The talk on corporate PPA potential and risks is building as groups including Google increasingly bet on cheap solar. Image credit: Rajeshwar Bachu / Unsplash
The momentum around corporate renewable PPAs should not blind industry players from the fact the avenue remains too costly and complex for some businesses, three lawyers from Norton Rose Fulbright have argued as part of a piece for PV Tech Power 20.
Andrew Hedges, Caileen Kateri Gamache and Lee Donovan penned a joint comment piece earlier this year where they warned that regulatory frameworks and power pricing trends will be the key enablers of, or obstacles to, the corporate PPA agenda.
“It is pricing in each region and jurisdiction which will ultimately drive, or hinder, the development of corporate PPAs as routes to market for renewable projects,” the trio wrote, as they pointed at the regulatory hurdles they see as holding back an otherwise promising corporate PPA market.

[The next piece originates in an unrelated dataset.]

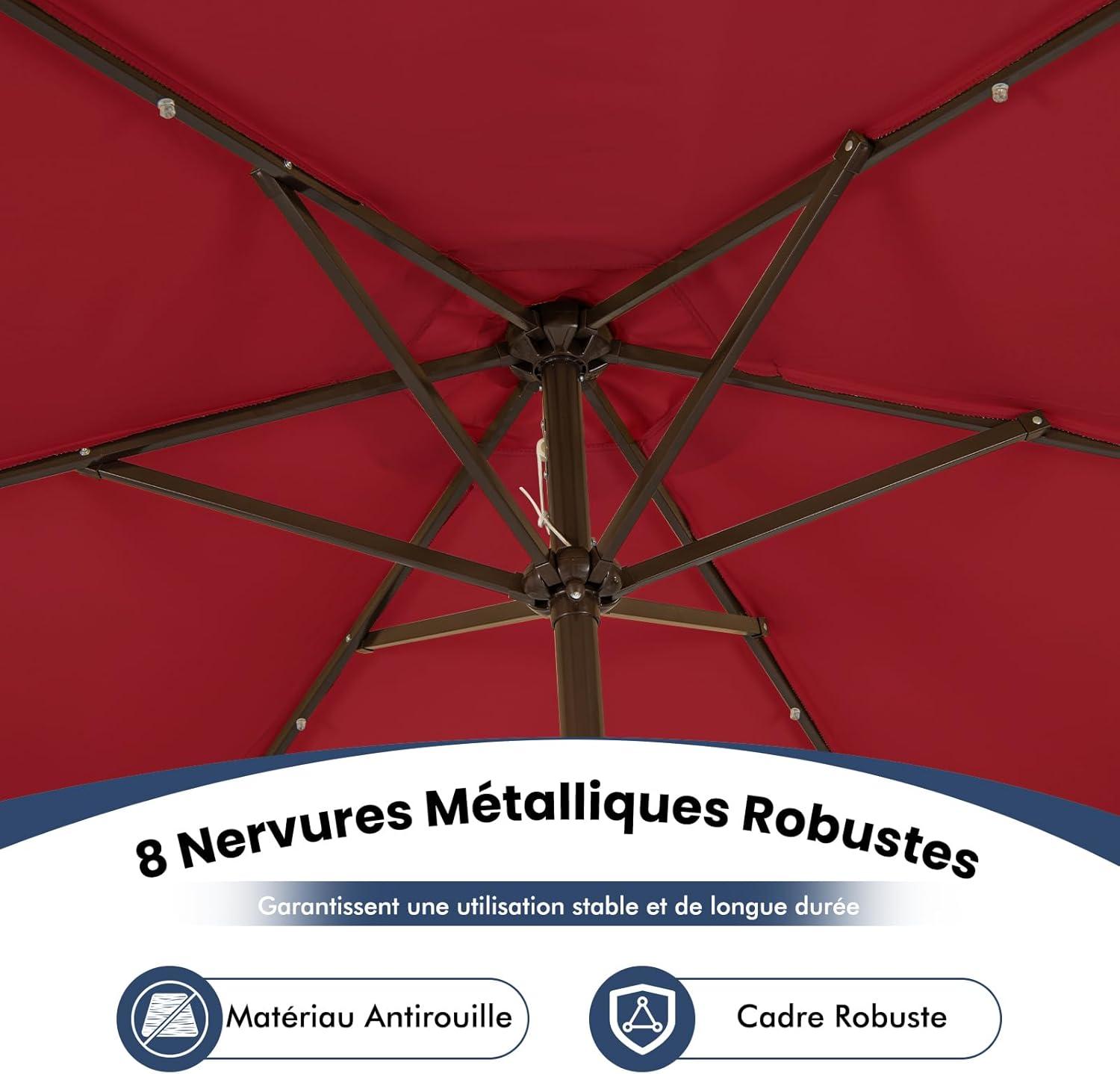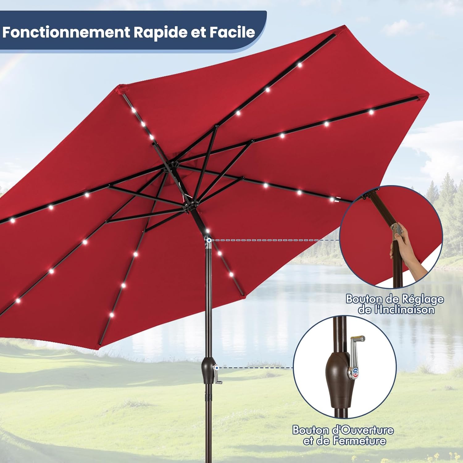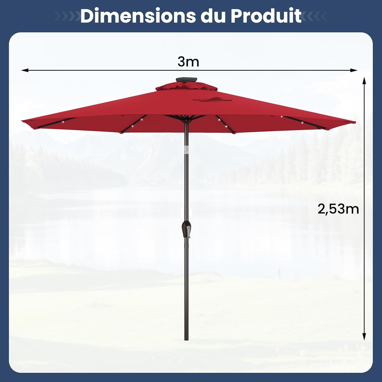 | Libellé | Parasol de jardin exterieur 3m, parasol inclinable 8 baleines, lumineux solaire 24 led, manivelle,rouge |

According to them, PPAs’ nature as a “simple supply contract” has not stopped them from facing sometimes elaborate rules. Synthetic or virtual PPAs – where power is traded rather than physically transferred – are regulated as a financial derivative in countries such as the US, the lawyers noted.

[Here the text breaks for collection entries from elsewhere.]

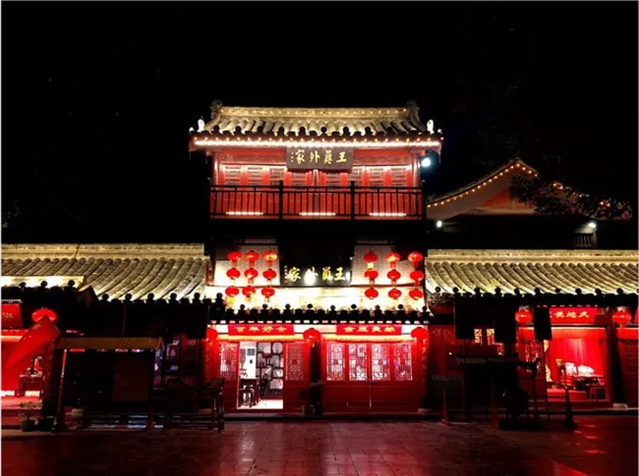 夜晚的第六個精彩,是王小姐的繡樓—王員外家,招親時間已經過去,夜晚的繡樓像它的主人王小姐一樣動人。門頭上的百年好合和金玉良緣,好似在祝福著全天下的有情人終成眷屬。
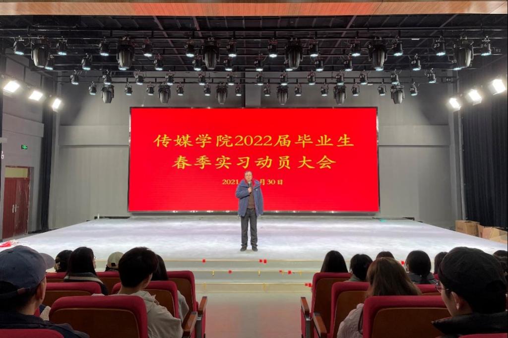 一直高度重视实习工作,此次实习联系了10余家媒体单位,为学生实习提供了充分的岗位保障。此次动员大会的召开,使2022届全体毕业生更加深刻地认识到实习的重要性,明确了实习的方向和目标,为毕业生实习工作的顺利开展和将来融入社会奠定了良好基础。(撰稿:孙达徽 摄影:张子毅 审核:张万茂)
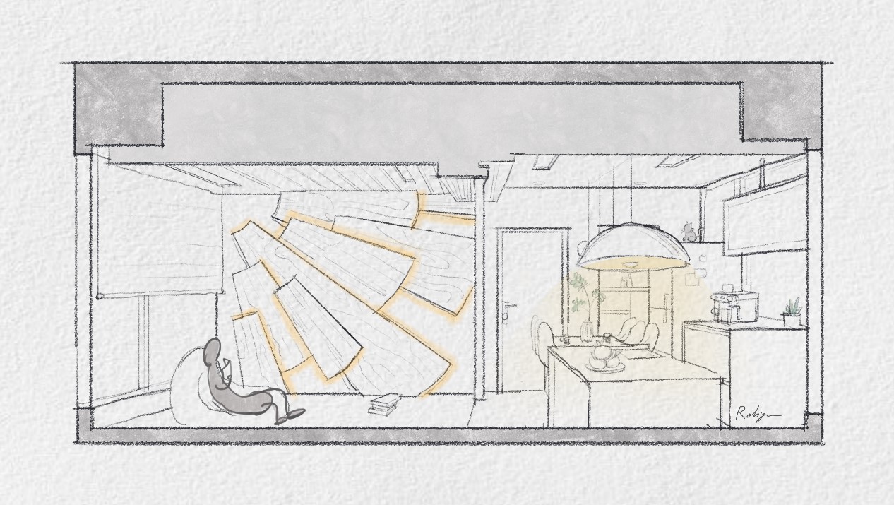 多功能區域的最大特點是其壁面上的太陽意象設計,這些多層次、有角度的木板不僅增添了視覺深度,還巧妙地結合了間接照明,創造出溫暖而引人入勝的光影效果。
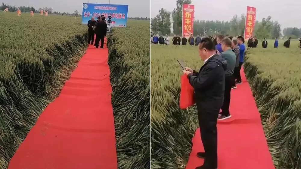 從網上發布的影片顯示,活動現場在麥田中央鋪設了長長的紅地氈,很多人踏著紅地氈觀摩,兩側快成熟的麥子明顯被壓彎了。麥田中立著「永豐103小麥新品種觀摩會」的牌子,麥田到處都插了飄揚的旗幟。

The article by Norton Rose Fulbright augured a “bright future” for corporate renewable PPAs but cautioned that some businesses, particularly those on the smaller end of the scale, may find these deals too costly and time-consuming an option.

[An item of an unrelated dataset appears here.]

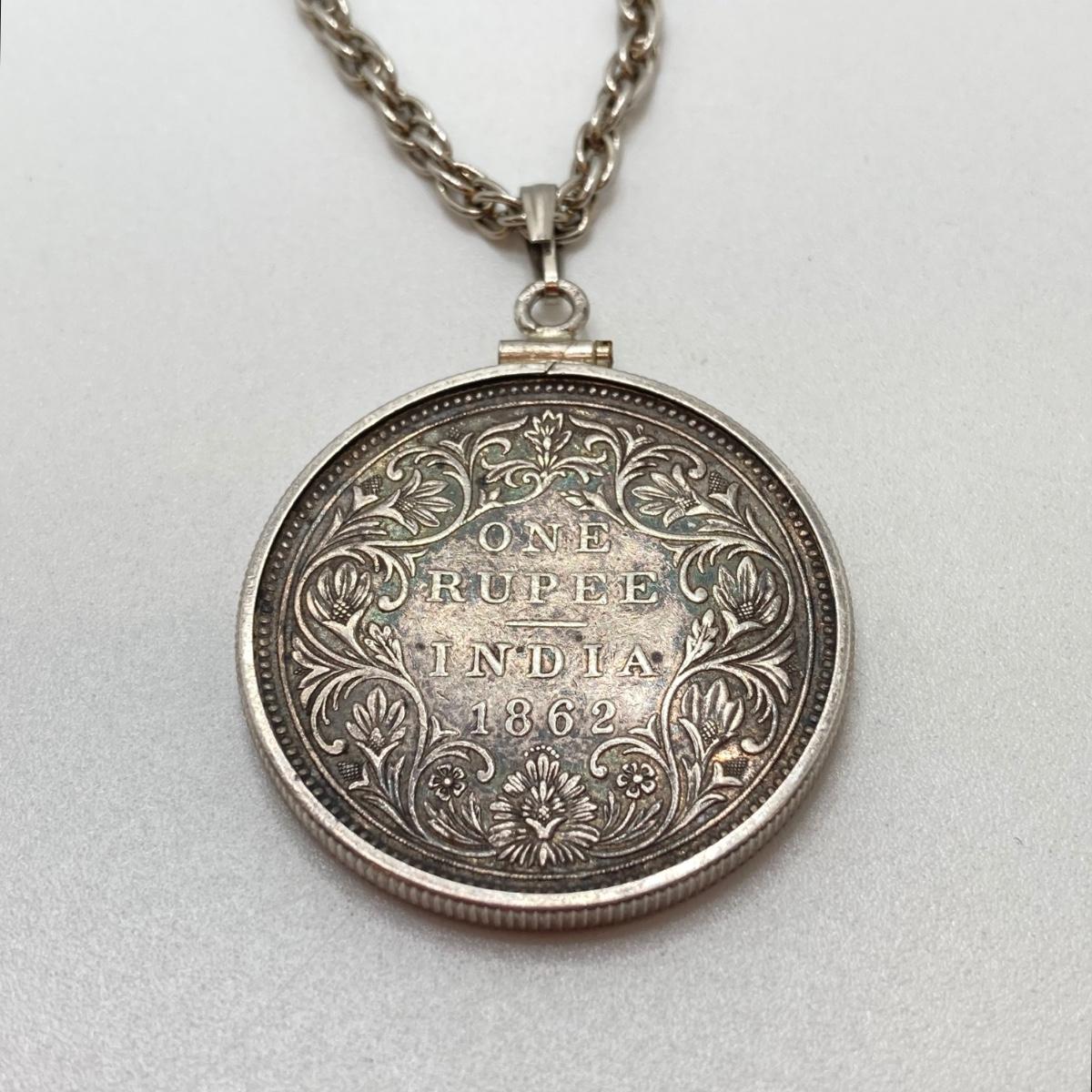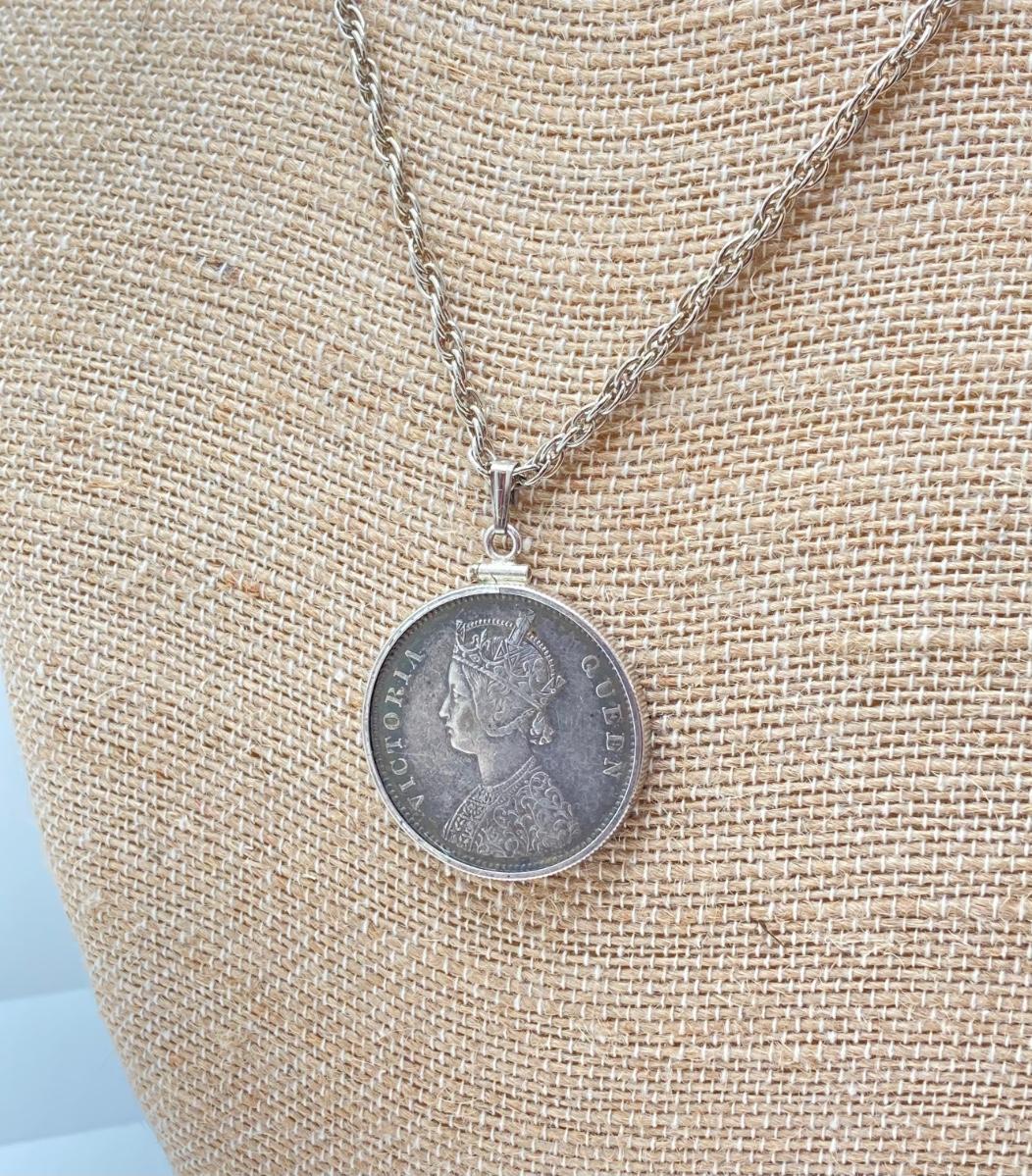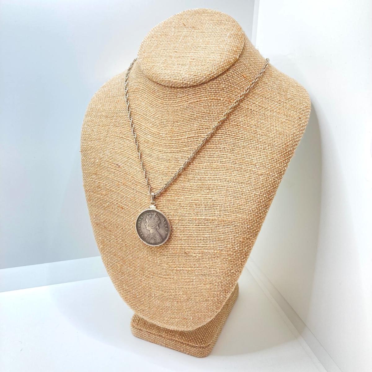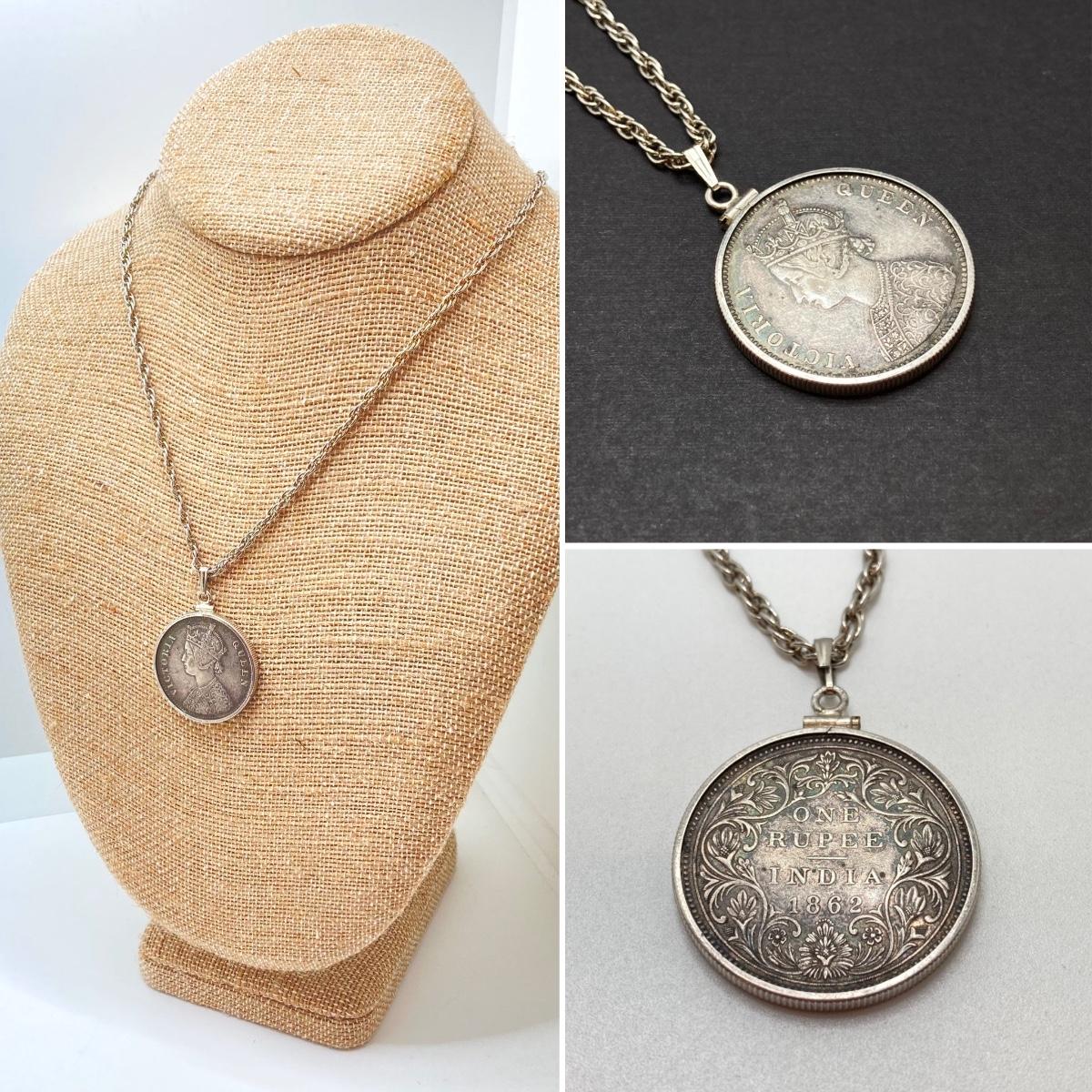 LOT 141: Vintage Pendant Necklace with British India 1862 One Rupee Silver Coin Featuring Queen Victoria

According to Hedges, Kateri Gamache and Donovan, PPAs may lock corporates to timeframes – 10, 15 years – “much longer” than their usual procurement cycles. For those keen on clean power buys, green certificates and green supply tariffs will often prove the “simpler, quicker” alternative.
Regarding standardisation, the lawyers said experience shows PPA parties will insist on negotiation and legal scrutiny when presented with a standard contract. An attempt to streamline – EFET’s corporate PPA template – looks “overbearing” at first glance and retains “a great degree of optionality”, the lawyers add.
Other industries join big tech in corporate PPA race
Despite the talk on risks and barriers, the Norton Rose Fulbright piece expects the rising corporate appetite for renewable PPAs – with business members of dedicated scheme RE100 rising from 13 to 191 in five years – to further solidify in the future.
The popularity of clean energy PPAs does not only stem from the corporates’ “laudable intentions”, the lawyers argue. “The corporate bottom line increasingly demands it,” they add, pointing at the mounting pressure from climate street activists and climate change lawsuits.
The corporate PPA momentum is “well timed” for clean energy developers looking to fill the revenue gap opened by phased-out subsidies, the lawyers said. Particularly in the US, the corporate interest brings potential new offtakers as utilities move from PPAs to direct asset ownership.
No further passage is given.